Author: Unreal good

Source: Hang Seng LIGHT Cloud Community

The basic concept

MapReduce is a programming framework for distributed computing programs that can be submitted by users and run concurrently on a Hadoop cluster.

The core function of MapReduce is to integrate user-written service logic codes and default components into a complete distributed computing program.

MapReduce is a programming model that is divided into two phases: Map and Reduce. The input data is divided into blocks, processed by Map, and output to Reduce.

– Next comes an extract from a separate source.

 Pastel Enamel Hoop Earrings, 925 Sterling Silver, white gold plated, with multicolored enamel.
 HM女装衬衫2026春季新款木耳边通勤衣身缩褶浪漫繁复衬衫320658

It can be thought of as a process of collating and then generalizing data.

The core algorithm

An algorithm plan for MapReduce usually consists of three steps:

  • MapThe job of a map or mapper is to process input data. Each work node willmapFunction applies to local data and writes the output to temporary storage.
  • Shuffle: The work node redistributes data based on the output key and sorts, groups, and copies the data. This ensures that all data belonging to a key resides on the same work node.
  • Reduce: The worker node now processes each set of output data for each key in parallel and stores the resulting data to HDFS.

Run the process

MapReduce consists of the following steps:

  • Input: Reads the text file in the system.
  • splitting: Can be obtained by splitting the file by lineK1Number of lines,V1Represents the text content of the corresponding line;
  • mapping: Split each line according to SpacesList(K2,V2), includingK2Represents key words,V2The value of is 1, representing 1 occurrence;
  • shuffling: due to themappingOperations that may be processed in parallel on different machines must be passedshufflingThe operation will be the samekeyThe data of values are distributed to the same node for merging, so as to obtain the final resultK2The primary key,List(V2)Is the iterable set,V2V2 in Mapping;
  • Reducing: For each working nodeK2Key value pairsReduce()Operation, final output.

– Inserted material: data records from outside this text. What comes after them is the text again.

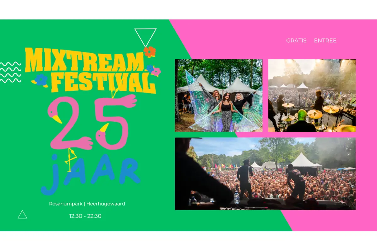 Mixtream Festival 2025 is er op zondag 24 augustus in het Rosarium Park in Heerhugowaard. Met ons 25 jarige bestaand! De entree is gratis voor alle leeftijden. Om 12:30 uur gaat het festival open en om 22:30 uur is het evenement afgelopen. Je kunt bij de bar drankjes halen en eten kan bij de diverse eetkraampjes. Let op: Mixtream is pin-only.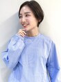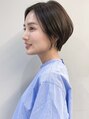 フラットめの少し前下がりのショートボブです。少し前下がりにする事で顔をシャープに見せる効果があります。耳掛けして2wayでお楽しみ頂ける飽きないスタイルになっています。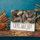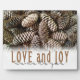 Festive, rustic pine cones accentuate this classic, elegant design wishing holiday Love and Joy.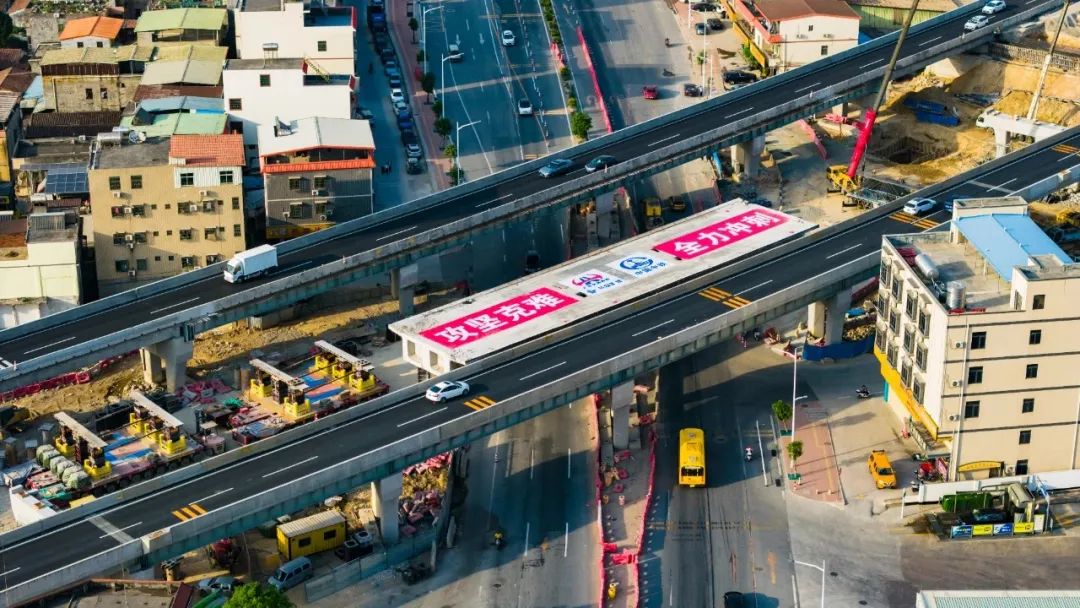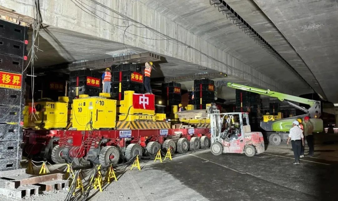考慮到金龍大道車流量大、貨車多,周邊樓房密集,為確保安全、高效施工,項目選擇SPMT模塊車搭配液壓升降系統(tǒng),讓拆橋工作更智慧。該工藝通過智慧頂升系統(tǒng)將橋梁同步抬起、下降,再由模塊車精準移動整體結構,在實現(xiàn)快速拆橋的同時,無需全封閉地方交通,還避免了傳統(tǒng)爆破施工帶來的粉塵和噪音污染,更加綠色環(huán)保。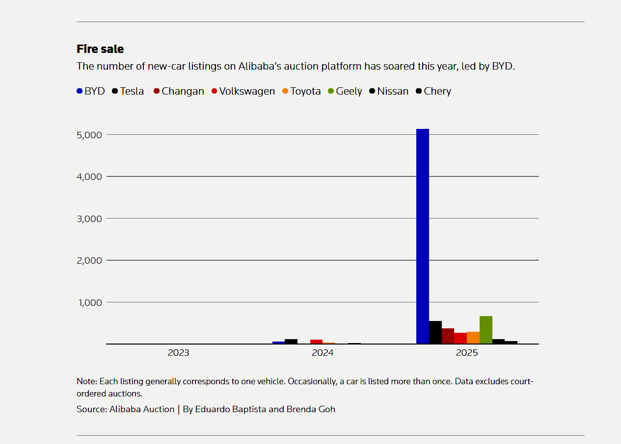 Other cars end up parked for the long term on auction sites, including those run by e-commerce giant Alibaba. Many get no bidders. A Reuters review of Alibaba listings identified more than 5,100 auction notices this year for brand-new BYD cars that had been insured and registered, up from 61 in 2024. Alibaba and BYD didn’t address questions about the listings, which haven’t been previously reported.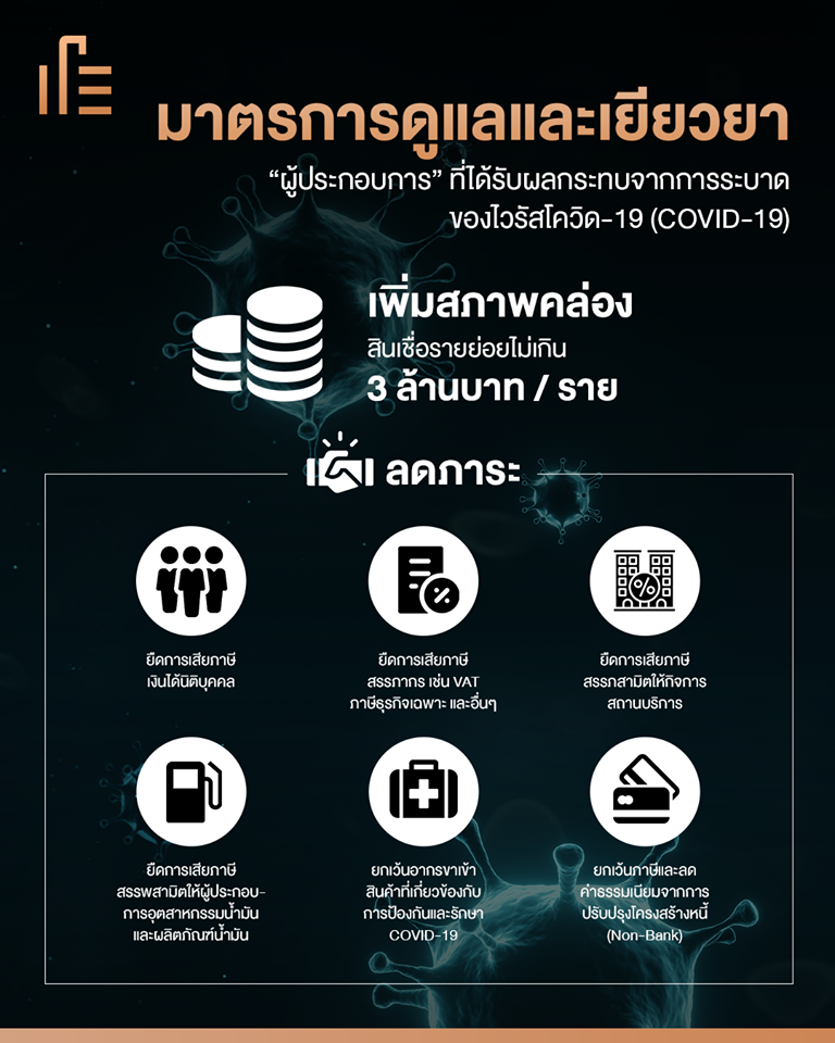 สรุปมาตรการดูแลและเยียวยา “ผู้ประกอบการ” ที่ได้รับผลกระทบจากการระบาดของไวรัสโควิด-19 (COVID-19) ประกอบด้วย 7 มาตรการ

The splitting and Shuffing operations in the MapReduce programming model are all realized by the framework, and only mapping and Reducing need to be realized by our own programming, which is the origin of the name MapReduce.

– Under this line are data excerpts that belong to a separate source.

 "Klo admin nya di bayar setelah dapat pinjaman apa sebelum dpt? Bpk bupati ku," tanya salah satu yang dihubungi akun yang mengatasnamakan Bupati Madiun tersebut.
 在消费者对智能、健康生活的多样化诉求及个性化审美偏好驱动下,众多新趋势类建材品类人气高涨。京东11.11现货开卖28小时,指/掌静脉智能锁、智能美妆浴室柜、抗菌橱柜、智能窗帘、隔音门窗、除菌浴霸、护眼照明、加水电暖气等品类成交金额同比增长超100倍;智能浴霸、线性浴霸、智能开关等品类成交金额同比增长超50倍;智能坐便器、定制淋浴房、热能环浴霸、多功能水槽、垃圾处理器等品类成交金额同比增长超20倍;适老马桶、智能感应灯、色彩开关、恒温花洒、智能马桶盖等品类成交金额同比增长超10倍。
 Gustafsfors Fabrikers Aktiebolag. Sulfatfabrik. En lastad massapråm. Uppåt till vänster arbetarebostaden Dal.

The advantages and disadvantages

advantages

  • Large-scale data can be divided into multiple nodes for parallel calculation, reducing the time needed for data calculation;
  • Move the calculation to the location of the data to reduce the network cost;

disadvantages

  • It can only be used for off-line computing, but not for streaming computing and real-time computing.
  • The process results will be saved to disk, increasing the I/O load;

conclusion

The core of MapReduce is that the programs developed by users can be sent to Hadoop for running and execution, and the submitted tasks can be processed dynamically to reduce the computing time and obtain the final calculation results in parallel.